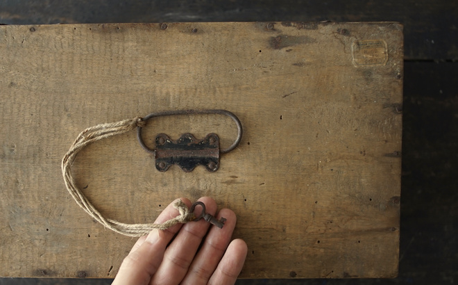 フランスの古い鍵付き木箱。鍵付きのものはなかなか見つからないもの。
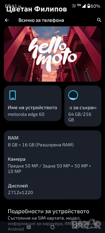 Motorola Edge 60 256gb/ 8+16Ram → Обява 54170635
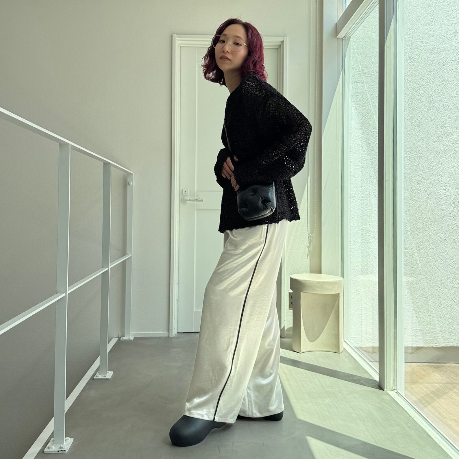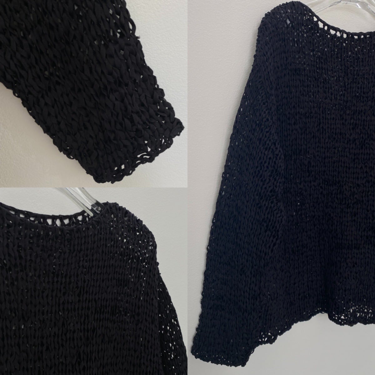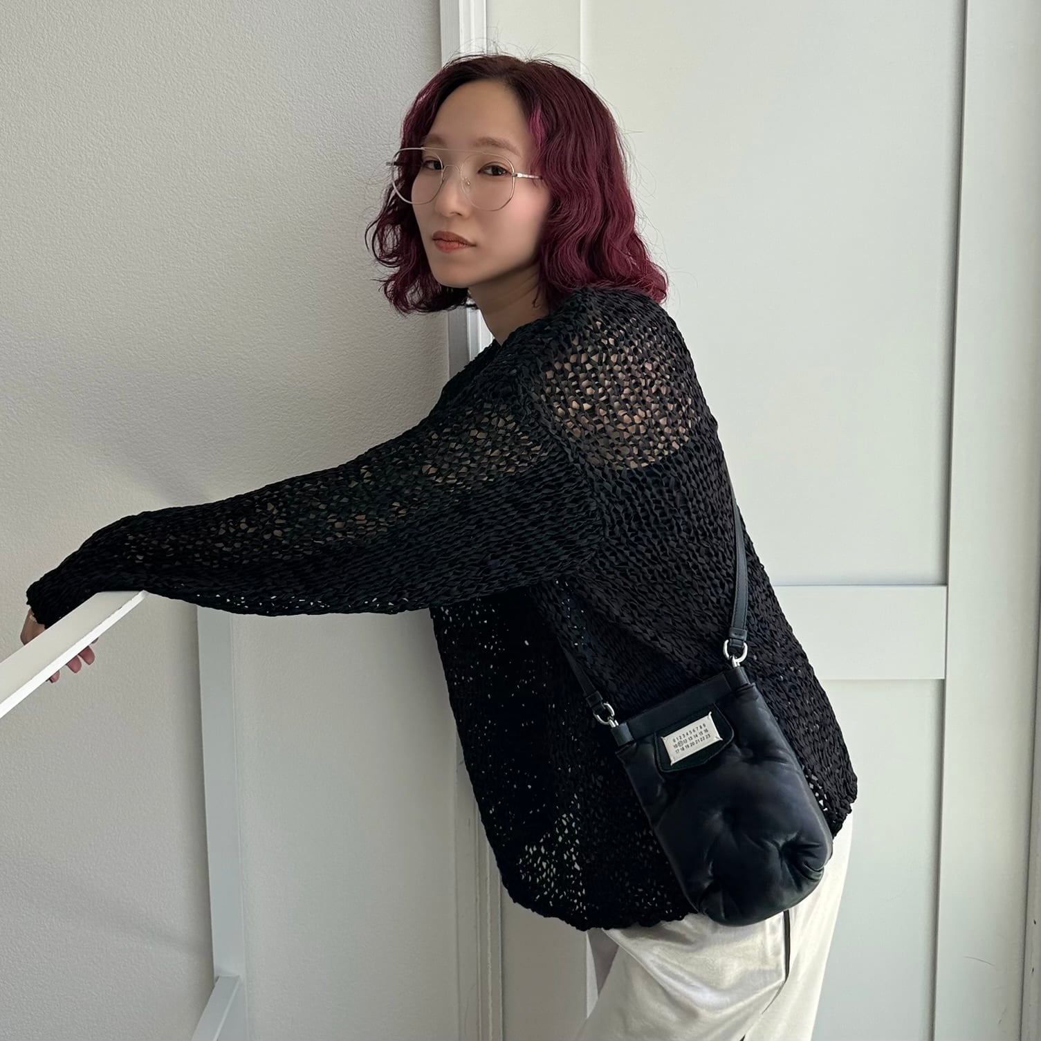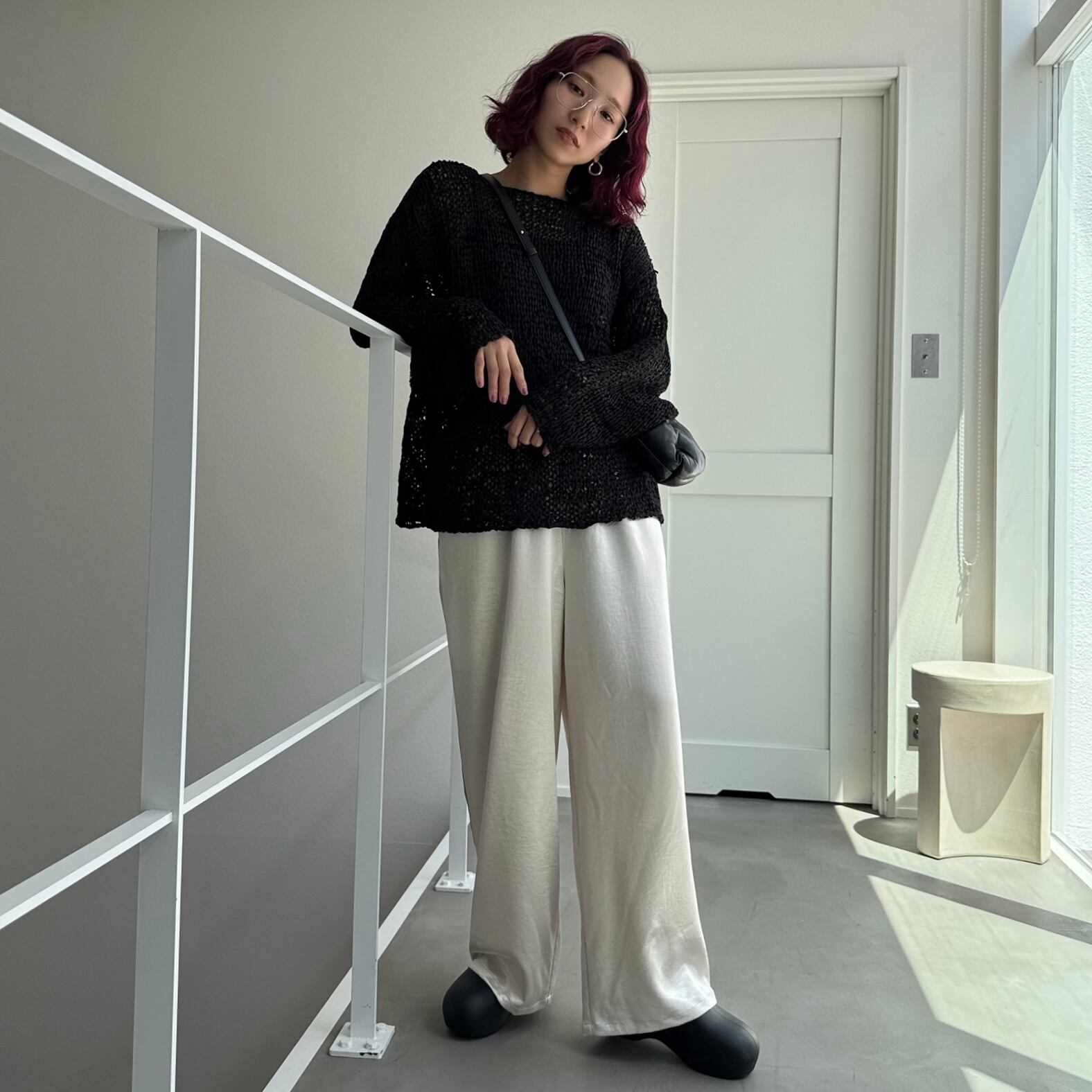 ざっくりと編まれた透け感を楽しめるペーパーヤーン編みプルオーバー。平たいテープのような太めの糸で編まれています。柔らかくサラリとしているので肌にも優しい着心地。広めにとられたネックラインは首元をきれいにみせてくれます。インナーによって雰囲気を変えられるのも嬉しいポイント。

┄┄┄┄┄┄

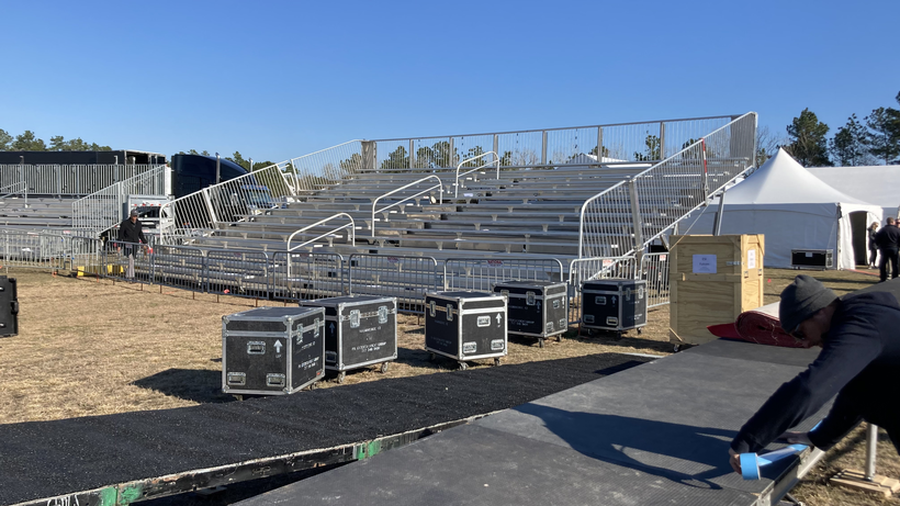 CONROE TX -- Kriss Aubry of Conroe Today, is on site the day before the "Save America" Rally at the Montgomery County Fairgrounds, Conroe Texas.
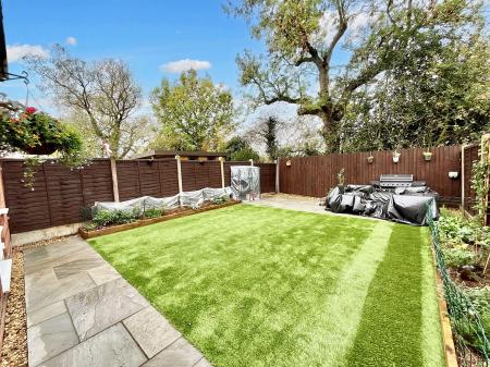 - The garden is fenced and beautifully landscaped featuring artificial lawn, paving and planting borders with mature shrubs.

┄┄┄┄┄┄

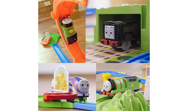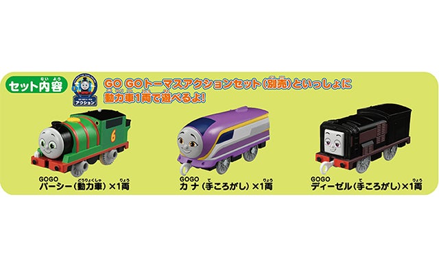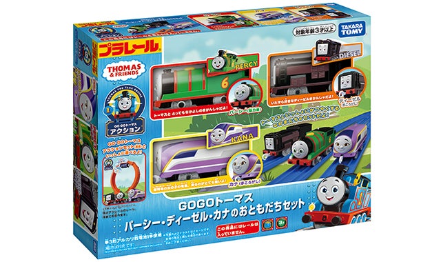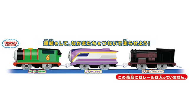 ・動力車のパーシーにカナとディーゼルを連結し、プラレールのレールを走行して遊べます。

┄┄┄┄┄┄

• **YOUR GOAL**
Set the pictures aside and retype exactly the lines above from the line with "フランスの古い鍵付き木箱。鍵付きのものはなかなか見つからないもの。" to the line with "ざっくりと編まれた透け感を楽", both included, adding no others.

• **WRITTEN RESPONSE**
 フランスの古い鍵付き木箱。鍵付きのものはなかなか見つからないもの。
 Motorola Edge 60 256gb/ 8+16Ram → Обява 54170635
 ざっくりと編まれた透け感を楽しめるペーパーヤーン編みプルオーバー。平たいテープのような太めの糸で編まれています。柔らかくサラリとしているので肌にも優しい着心地。広めにとられたネックラインは首元をきれいにみせてくれます。インナーによって雰囲気を変えられるのも嬉しいポイント。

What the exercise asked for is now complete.